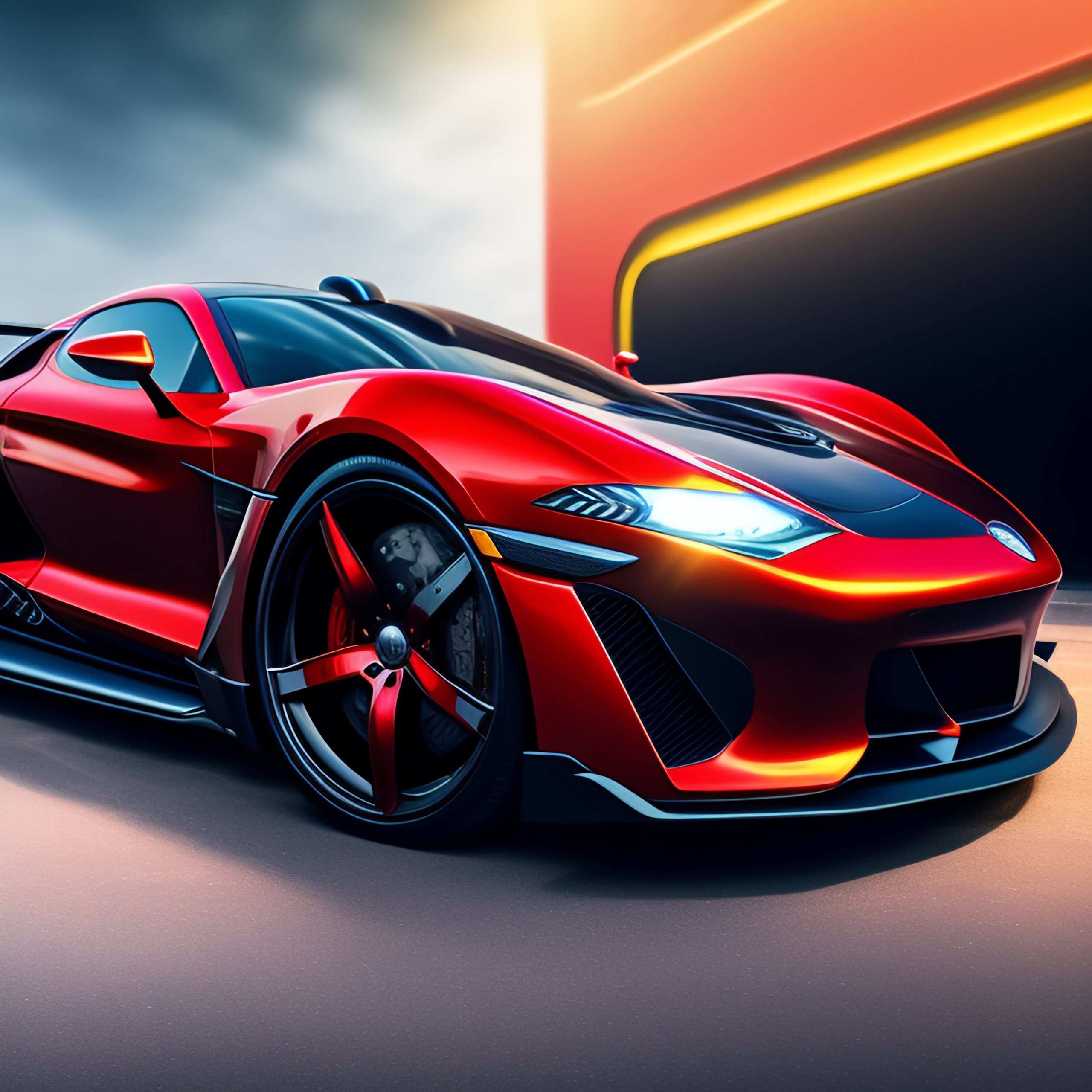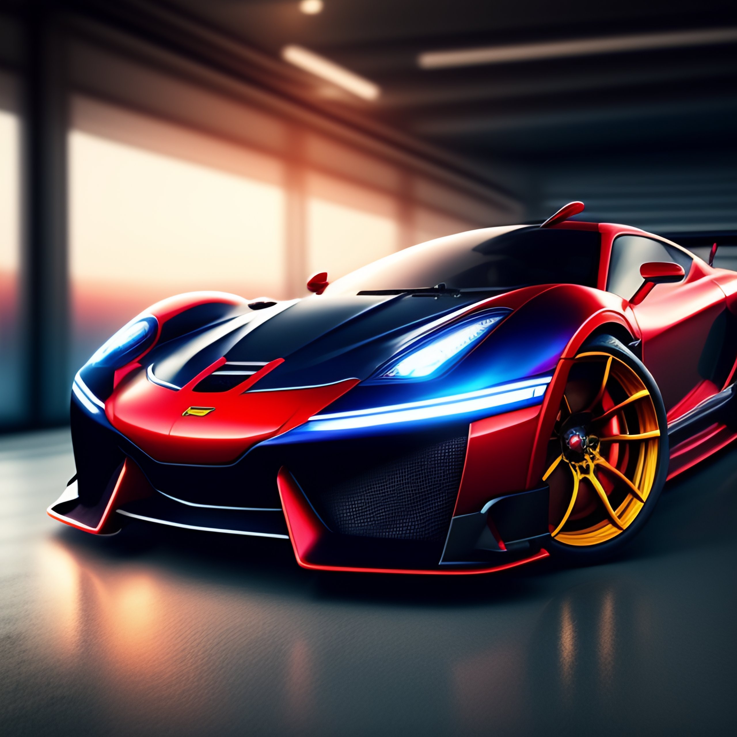 Spider-man style car, 3d concept car, car stands full-length in the center, marvel cartoon style, garage background, high detail, high realism
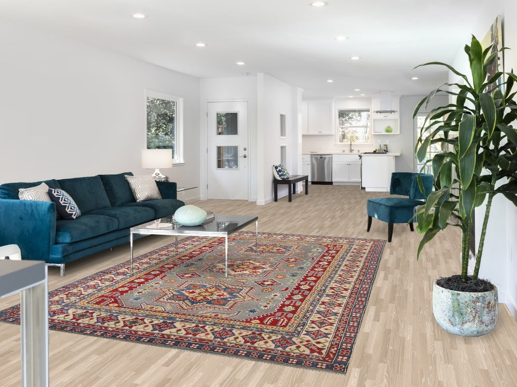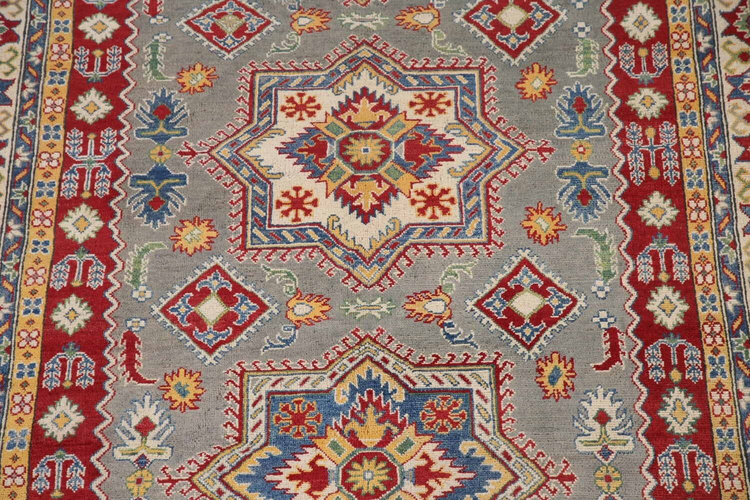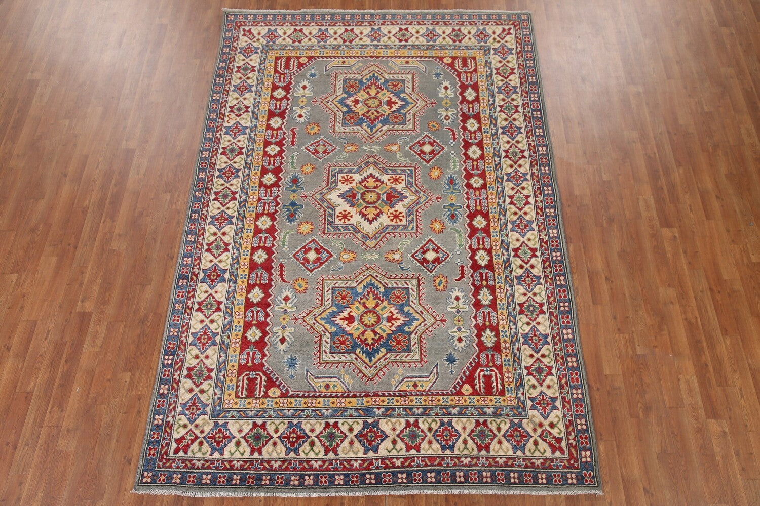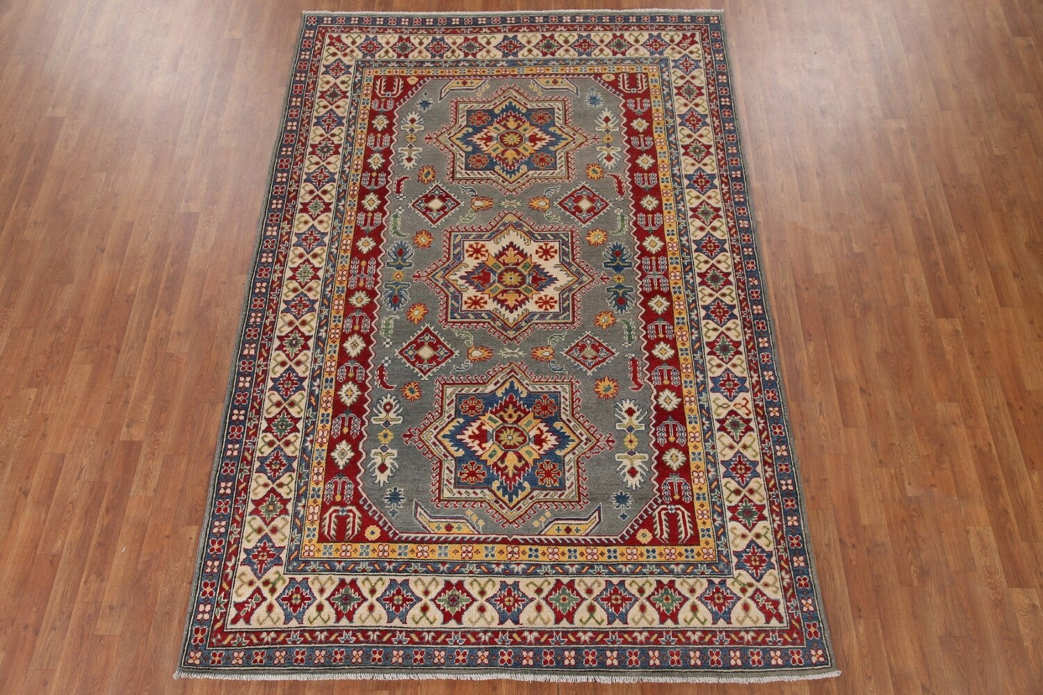 Gray Geometric Kazak Oriental Area Rug 7x10
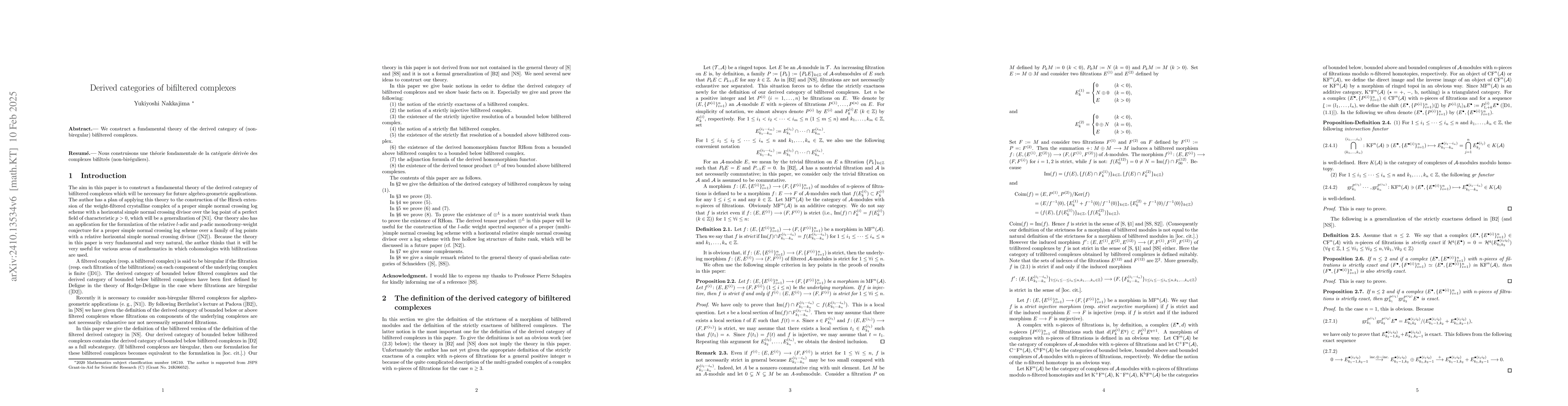 This paper develops a foundational theory for the derived category of non-finite bi-filtered complexes, establishing essential structures and properties within this mathematical framework. The construction provides a robust theoretical foundation for further research in this area.
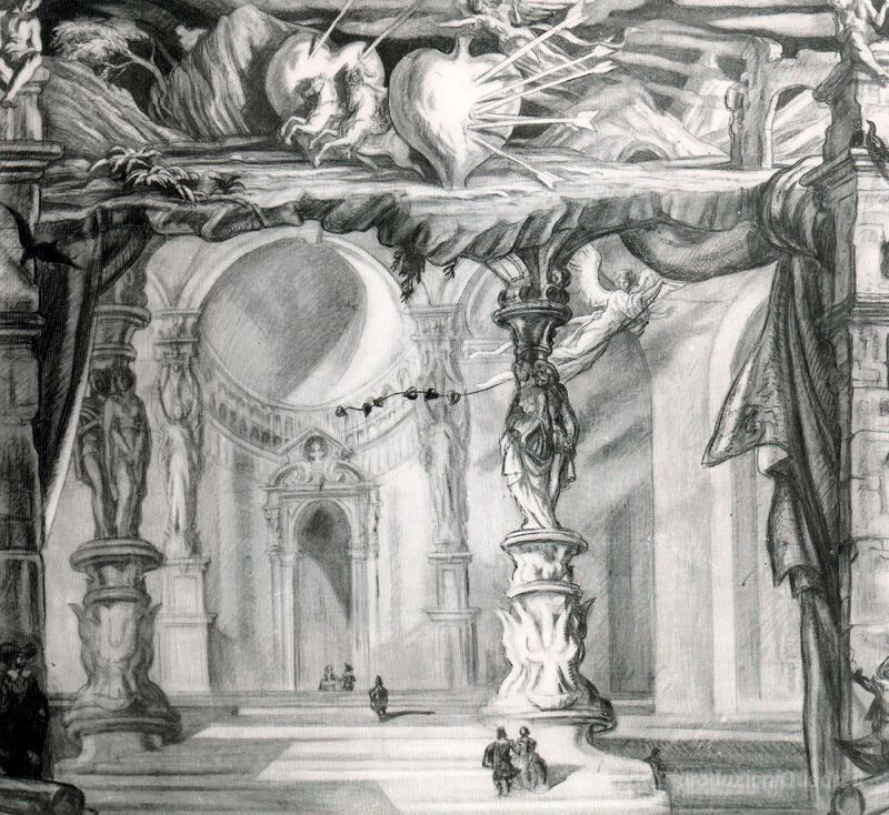 Ti offriamo una riproduzione artigianale su tela dell'opera famosa 'Schizzo di Cortina per la rappresentazione di Don Giovanni Tenor' di Carlos Saenz de Tejada, dal Museo delle Riproduzioni.
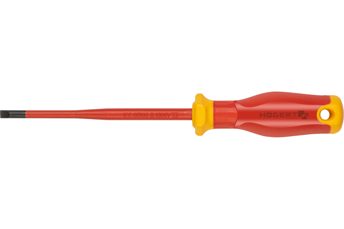 - product descriptionslotted screwdrivers, certified for working on live electrical wires at voltages of up to 1000 v. ground on both sides with a parallel converging profile. the thin shaft allows for working with deeply located screws and bolts.characteristics
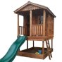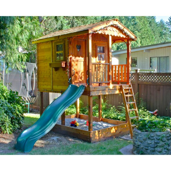 Your child will climb up the ladder, step onto the porch and enjoy the adventures playing in this Sunflower Playhouse with sandbox manufactured from western red cedar. Its ample 6 ft. x 9 ft. size and 3 ft. cedar porch deck provide plenty of space for your child to enjoy his or her own simulated living space. The sandbox includes a ladder, 3.5 in. x 3.5 in. post with 1.5 in. x 5.5 in. girders for the sandbox. The playhouse cabin features 3 aluminum windows and a functional Dutch door. The roof comes with cedar shingles already attached. The slide is not included.
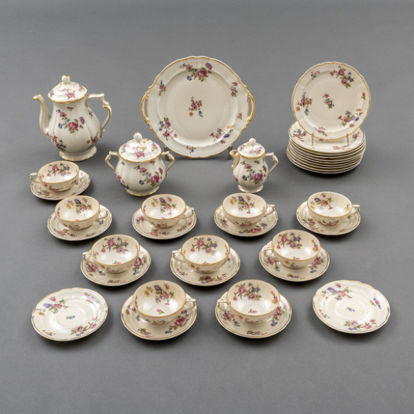Compuesto por: diez tazas con sus platos, doce platos de postre, bandeja, cafetera, lechera y azucarero.
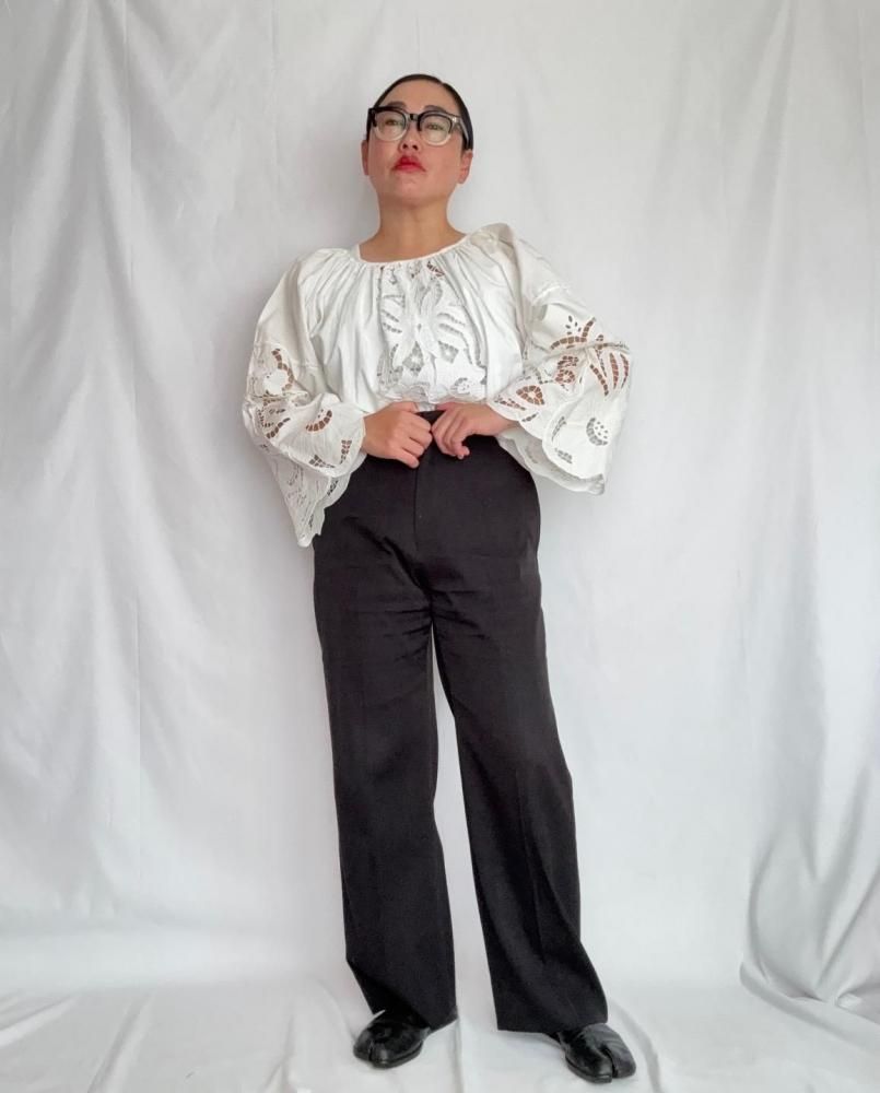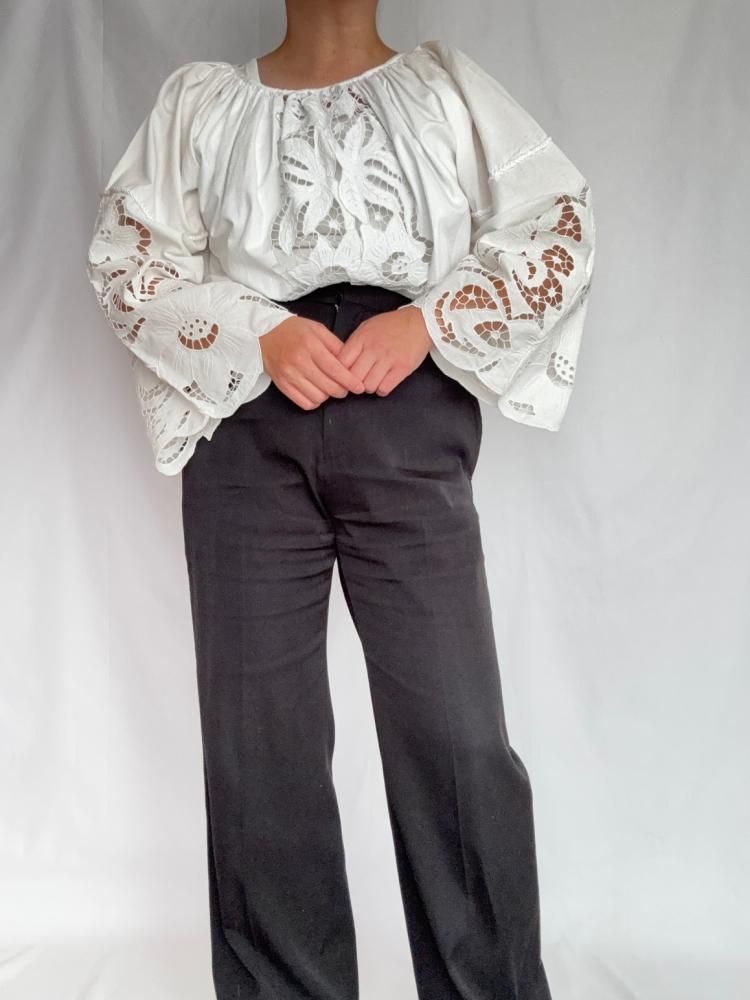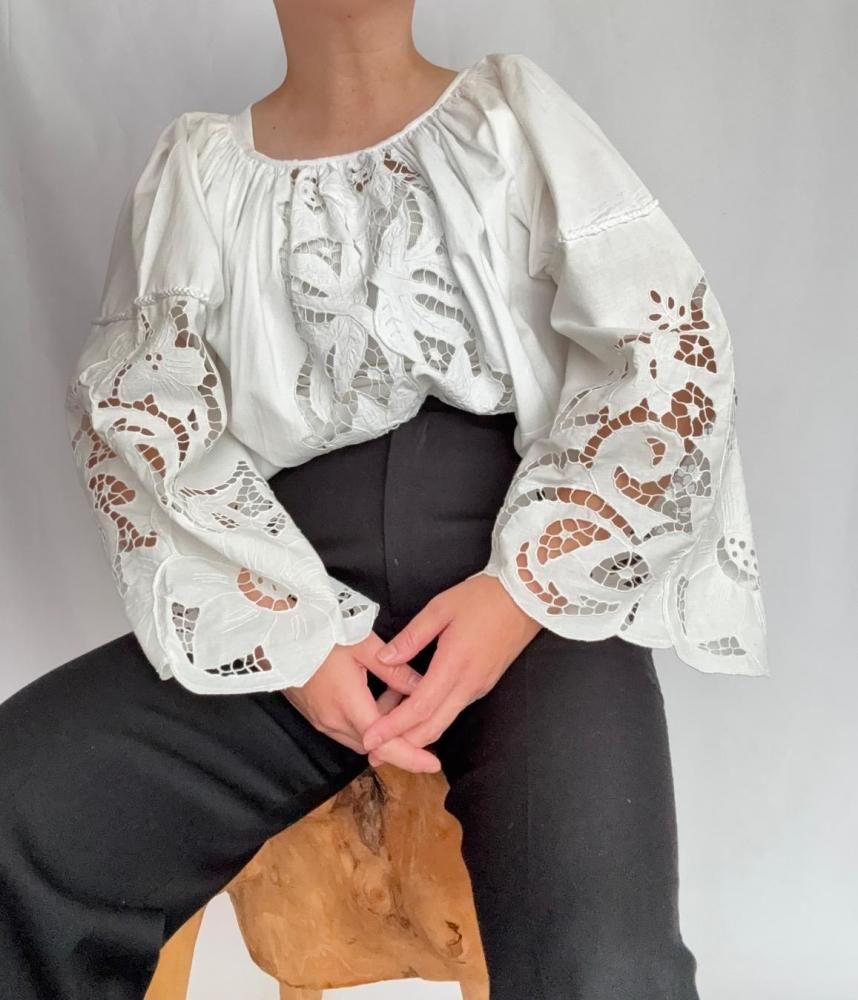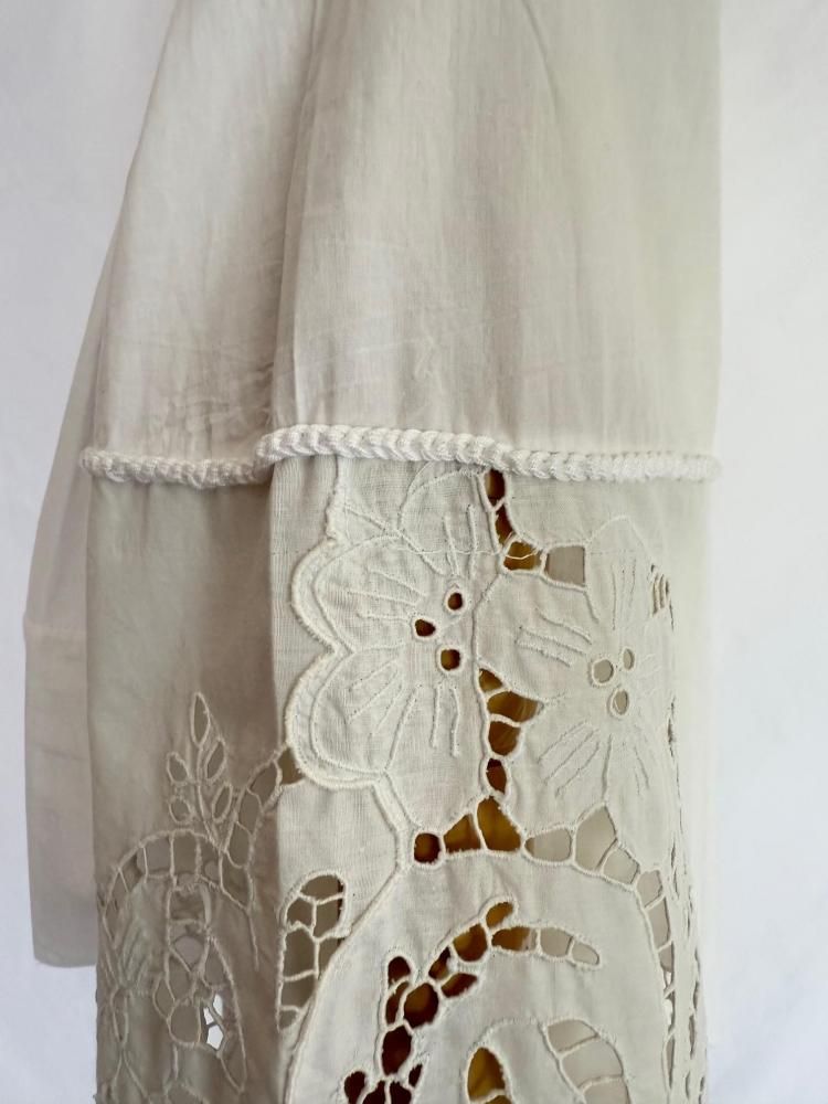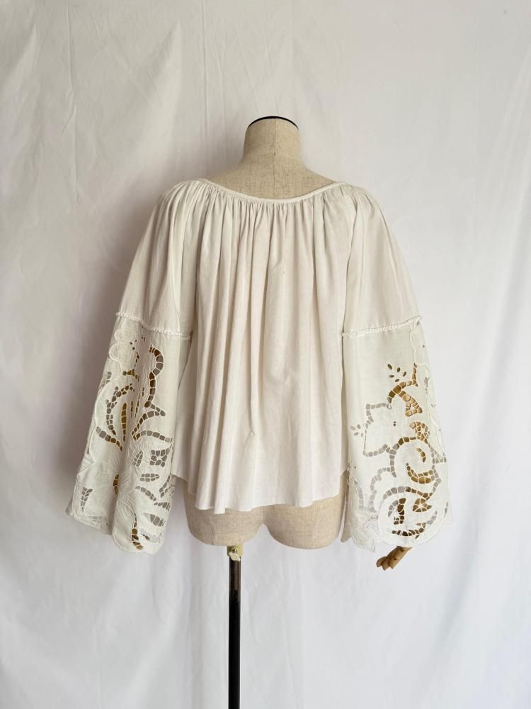 カットワークが美しいビンテージのルーマニアブラウスです。袖と胸元に施されたカットワークと広がった袖のシルエットも最高です。素材はコットン素材です。中に色物を着ると柄が浮き出るようで美しいです。
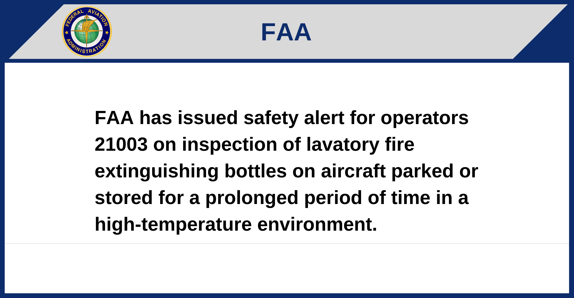 FAA has issued safety alert for operators 21003 on inspection of lavatory fire extinguishing bottles on aircraft parked or stored for a prolonged period of time in a high-temperature environment.

^^^^

> [Assignment]: What the answer must hold is the exact text of every line from the one containing "カットワークが美しいビンテー" through the end of the data, minus any pictures.

> [Task response]:
 カットワークが美しいビンテージのルーマニアブラウスです。袖と胸元に施されたカットワークと広がった袖のシルエットも最高です。素材はコットン素材です。中に色物を着ると柄が浮き出るようで美しいです。
 FAA has issued safety alert for operators 21003 on inspection of lavatory fire extinguishing bottles on aircraft parked or stored for a prolonged period of time in a high-temperature environment.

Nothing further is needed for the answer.